### Task directions:
The required output is the stretch from the line containing "Подвесная база под" through the line containing "A등급을 받은 광주도시철도공사(최우수), (주)서울시메트로9호선(우수)은" in the records below, unaltered and with no pictures.

### Supplied material:
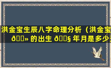 总体来看,洪,金,宝,八,字命理显示他是一个性格稳 🦉 重踏实事业运势不错财运亨通感情运势起伏较大的一个人。晚,年,运势较。好身体健康家 🌼 庭幸福
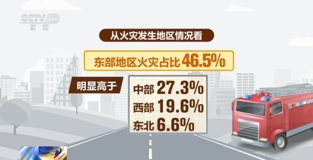 从火灾发生地区情况看,东部地区火灾占比46.5%,明显高于中部(27.3%)、西部(19.6%)和东北(6.6%)。
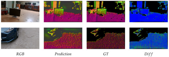 To efficiently encode the normal information for the training, we encoded the normal vectors into the RGB space which we, subsequently, converted at the output to point clouds with the normal vectors. These normal vectors were then compared to the normal vectors of the ground truth point clouds in terms of absolute normal orientation errors. All of these methods returned un-oriented normal vectors, i.e., we considered the orientations vectors the same for the flipped ones. At the output visualization of our estimate, we considered the heat map of the absolute error of the normal orientation, such as this is visible in Figure 4. On this image, we can also see that the predicted normals seem to be slightly blurred at the edges. This could come from the fact that although the FPN works with many different layer sizes, it is not capable of per-pixel normal estimation, which means that in some cases it has a smoothing effect, especially at the edges.
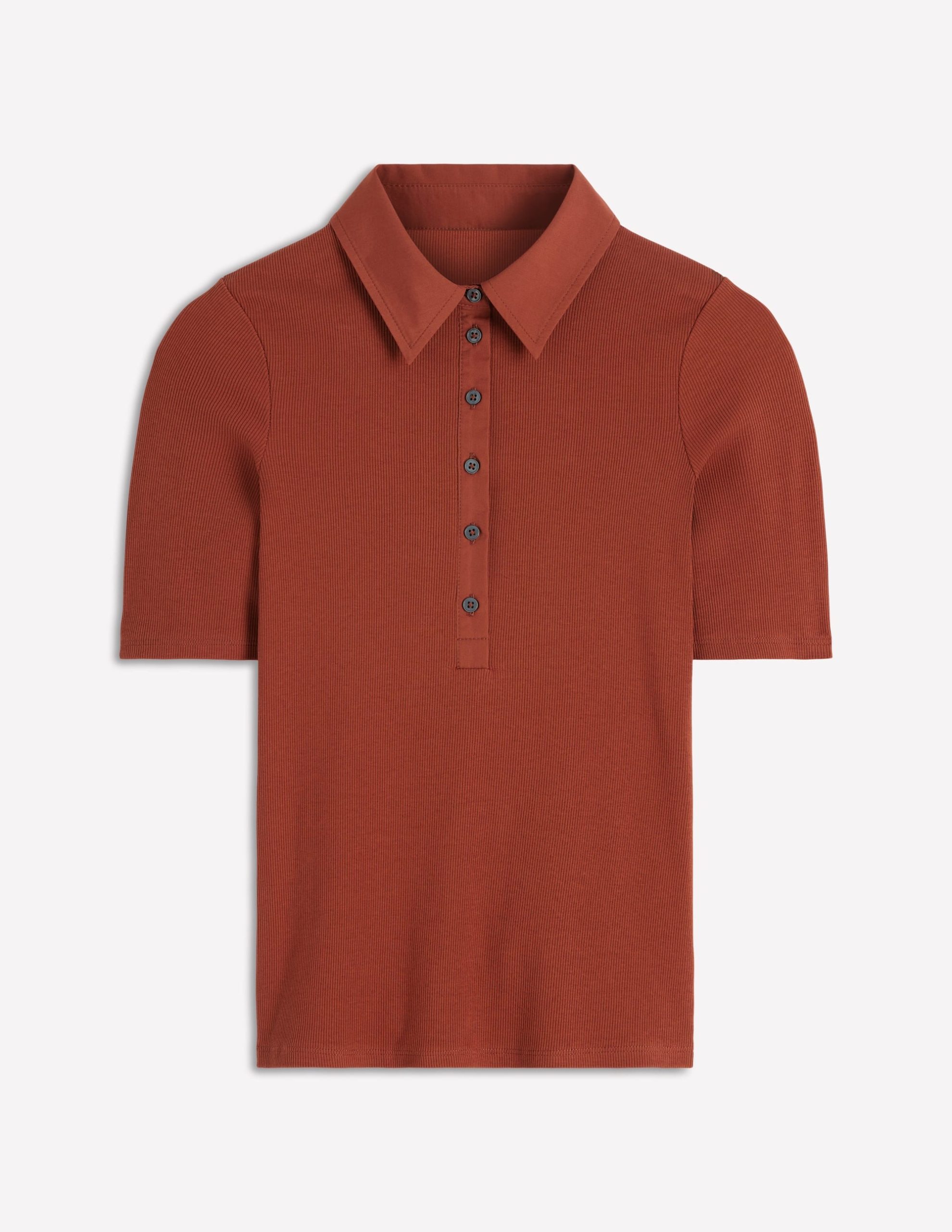 Collared Ribbed Henley Top-Burnt Orange
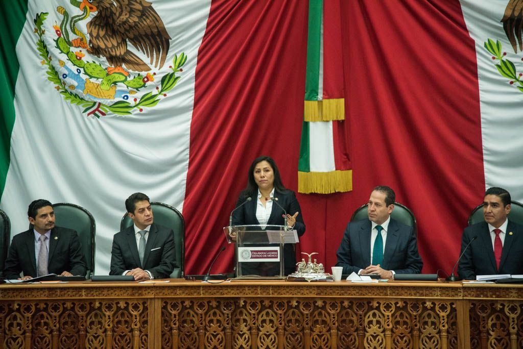 Ante el presidente del Tribunal Superior de Justicia del Estado de México, Sergio Javier Medina Peñaloza; el secretario General de Gobierno, José Manzur Quiroga; el rector de la Universidad Autónoma del Estado de México, Jorge Olvera García, miembros del gabinete estatal y atletas que participaron en los Juegos Olímpicos Río 2016, la legisladora convocó a valorar la percepción social que existe de los legisladores, por lo que este periodo implica una ventana de oportunidad ante la demanda democrática, y ofreció el mayor de sus esfuerzos para que la armonía, la inclusión y el respeto sean los ejes del trabajo parlamentario.
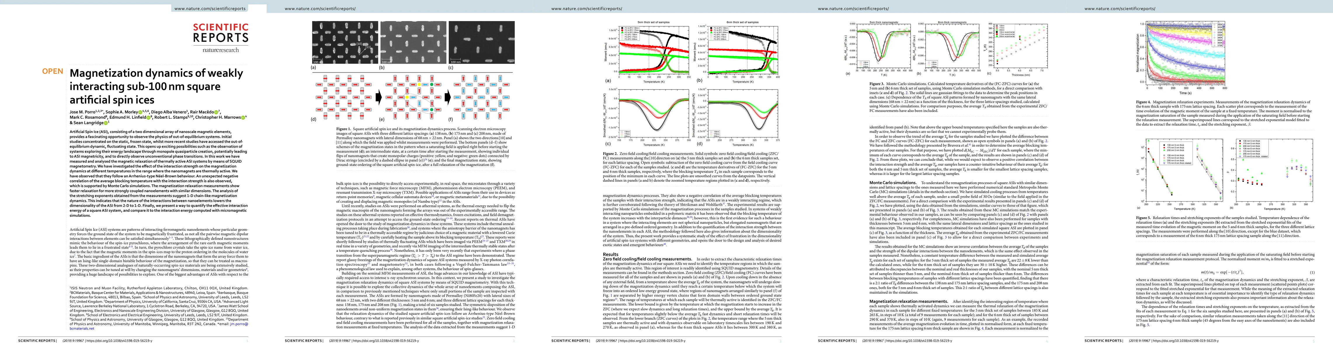 Artificial Spin Ice (ASI), consisting of a two dimensional array of nanoscale magnetic elements, provides a fascinating opportunity to observe the physics of out of equilibrium systems. Initial studies concentrated on the static, frozen state, whilst more recent studies have accessed the out-of-equilibrium dynamic, fluctuating state. This opens up exciting possibilities such as the observation of systems exploring their energy landscape through monopole quasiparticle creation, potentially leading to ASI magnetricity, and to directly observe unconventional phase transitions. In this work we have measured and analysed the magnetic relaxation of thermally active ASI systems by means of SQUID magnetometry. We have investigated the effect of the interaction strength on the magnetization dynamics at different temperatures in the range where the nanomagnets are thermally active and have observed that they follow an Arrhenius-type N\'eel-Brown behaviour. An unexpected negative correlation of the average blocking temperature with the interaction strength is also observed, which is supported by Monte Carlo simulations. The magnetization relaxation measurements show faster relaxation for more strongly coupled nanoelements with similar dimensions. The analysis of the stretching exponents obtained from the measurements suggest 1-D chain-like magnetization dynamics. This indicates that the nature of the interactions between nanoelements lowers the dimensionality of the ASI from 2-D to 1-D. Finally, we present a way to quantify the effective interaction energy of a square ASI system, and compare it to the interaction energy calculated from a simple dipole model and also to the magnetostatic energy computed with micromagnetic simulations.
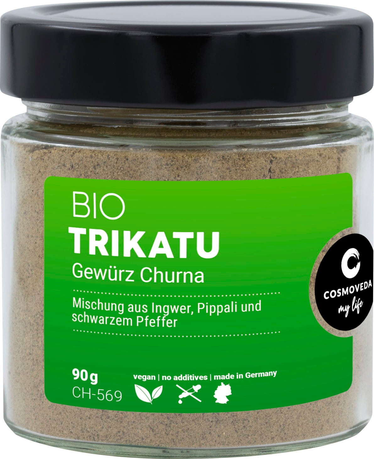Bio Trikatu Churna beinhaltet eine Mischung aus schwarzem und Langem Pfeffer (Piper nigrum und Piper longum) und Ingwer (Zingiber officinale). Diese werden fein und schonend unter 40° C vermahlen und nach traditioneller Weise vermischt.
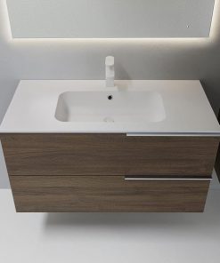 Подвесная база под раковину с двумя выдвижными ящиками. Каркас ящиков изготовлен из металла. Возможны другие варианты отделки. Столешница с раковиной заказывается дополнительно
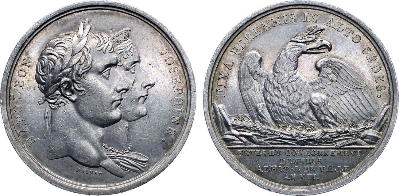 Серебро. 20,45г. Диаметр 35 мм. Парижский монетный двор. Медальер Н.-Г. Брене (на аверсе под бюстами "BRENET", на реверсе справа над линией обреза "BRENET"). Bramsen 359. AU/UNC.
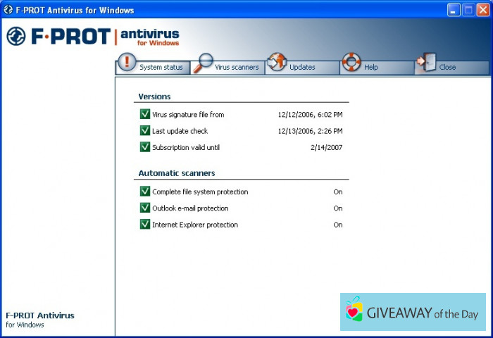A free version of F-PROT Antivirus for Windows 6.0.9.6 can be found on our software library. The most popular version of the tool that our community members download is 6.0.
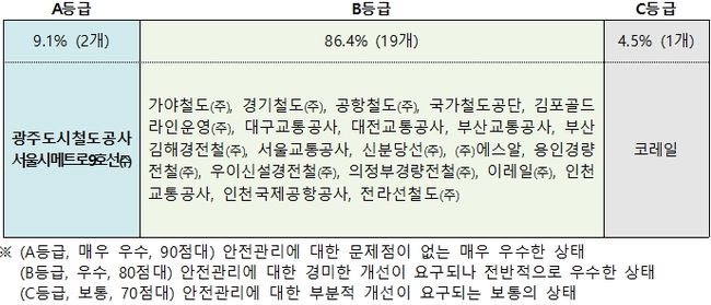 A등급을 받은 광주도시철도공사(최우수), (주)서울시메트로9호선(우수)은 우수운영자로 지정(인증서 수여, 5.12)되며, 코레일은 지난해 철도사고 및 사상자 증가의 영향으로 22개 기관 중 유일하게 C등급을 받았다.
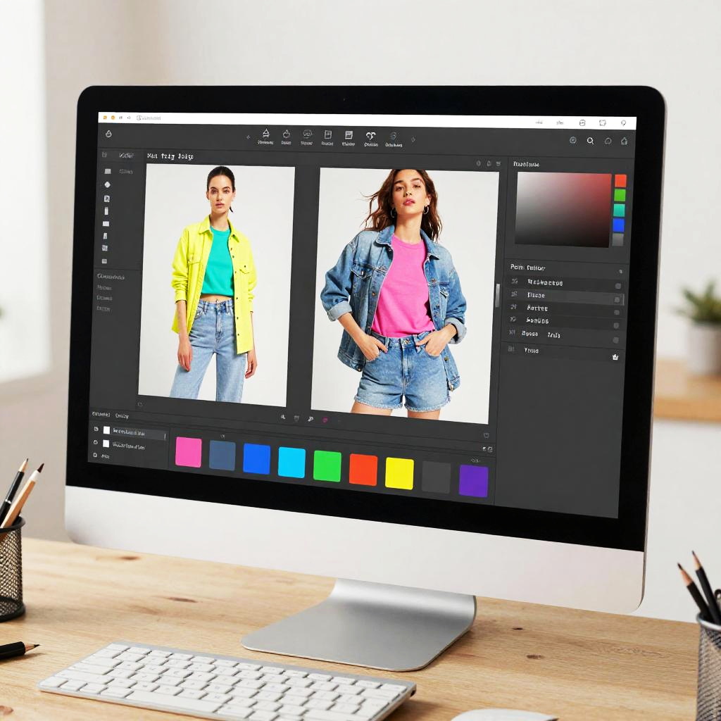 Photo clothing editor interface on a sleek modern computer screen, with vibrant clothes being digitally adjusted, stylish UI elements, bright workspace background, creative professional setting, high resolution, vivid colors, dynamic composition
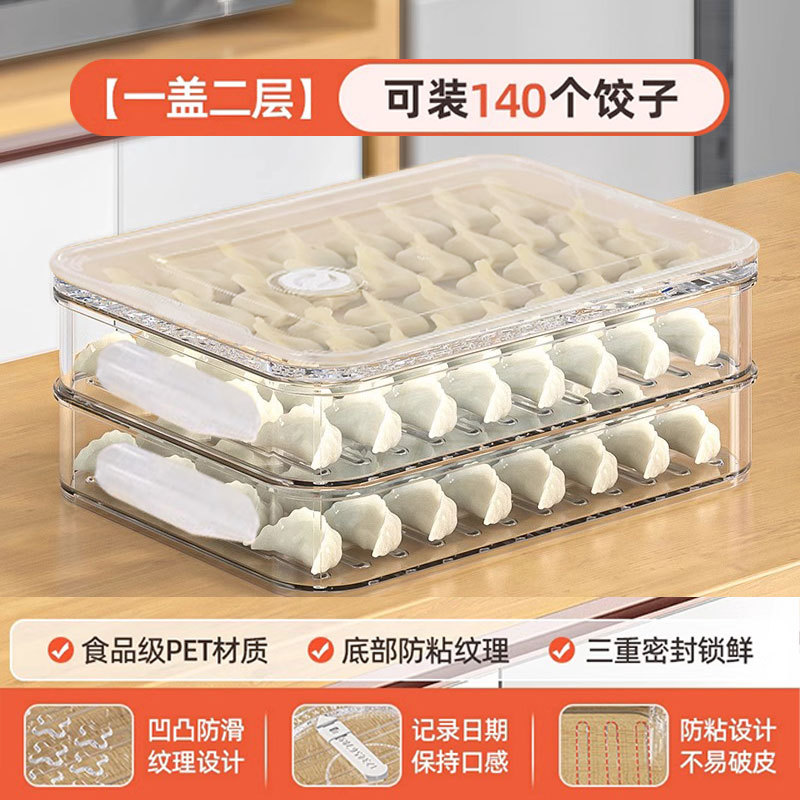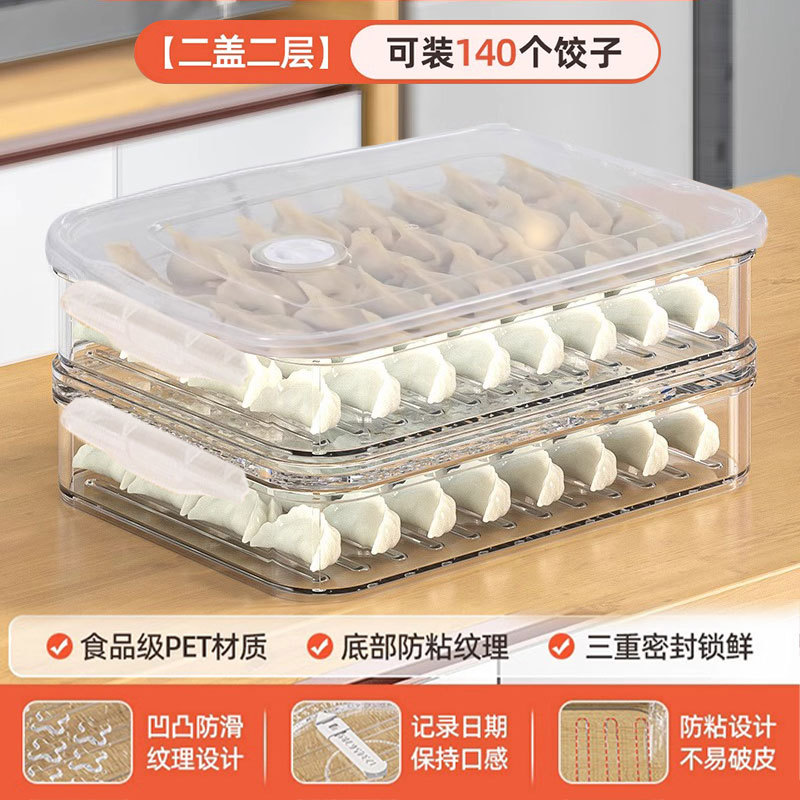 Specification model: ☆Food grade material, full refund for frozen cracks☆[damage guaranteed compensation] lightning delivery - transparent color [second layer and two lids] can hold 140 dumplings/anti-stick bottom-32x2
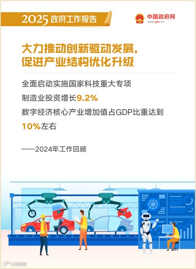 三是大力推动创新驱动发展,促进产业结构优化升级。推进科技强国建设,全面启动实施国家科技重大专项,加快完善重大科技基础设施体系,加强拔尖创新人才培养。稳定工业经济运行,推进制造业技术改造升级,制造业投资增长9.2%。新培育一批国家级先进制造业集群,商业航天、北斗应用、新型储能等新兴产业快速发展。制定修订环保、安全等强制性国家标准。加快数字中国建设,数字经济核心产业增加值占国内生产总值比重达到10%左右。

### Task solution:
 Подвесная база под раковину с двумя выдвижными ящиками. Каркас ящиков изготовлен из металла. Возможны другие варианты отделки. Столешница с раковиной заказывается дополнительно
 Серебро. 20,45г. Диаметр 35 мм. Парижский монетный двор. Медальер Н.-Г. Брене (на аверсе под бюстами "BRENET", на реверсе справа над линией обреза "BRENET"). Bramsen 359. AU/UNC.
A free version of F-PROT Antivirus for Windows 6.0.9.6 can be found on our software library. The most popular version of the tool that our community members download is 6.0.
 A등급을 받은 광주도시철도공사(최우수), (주)서울시메트로9호선(우수)은 우수운영자로 지정(인증서 수여, 5.12)되며, 코레일은 지난해 철도사고 및 사상자 증가의 영향으로 22개 기관 중 유일하게 C등급을 받았다.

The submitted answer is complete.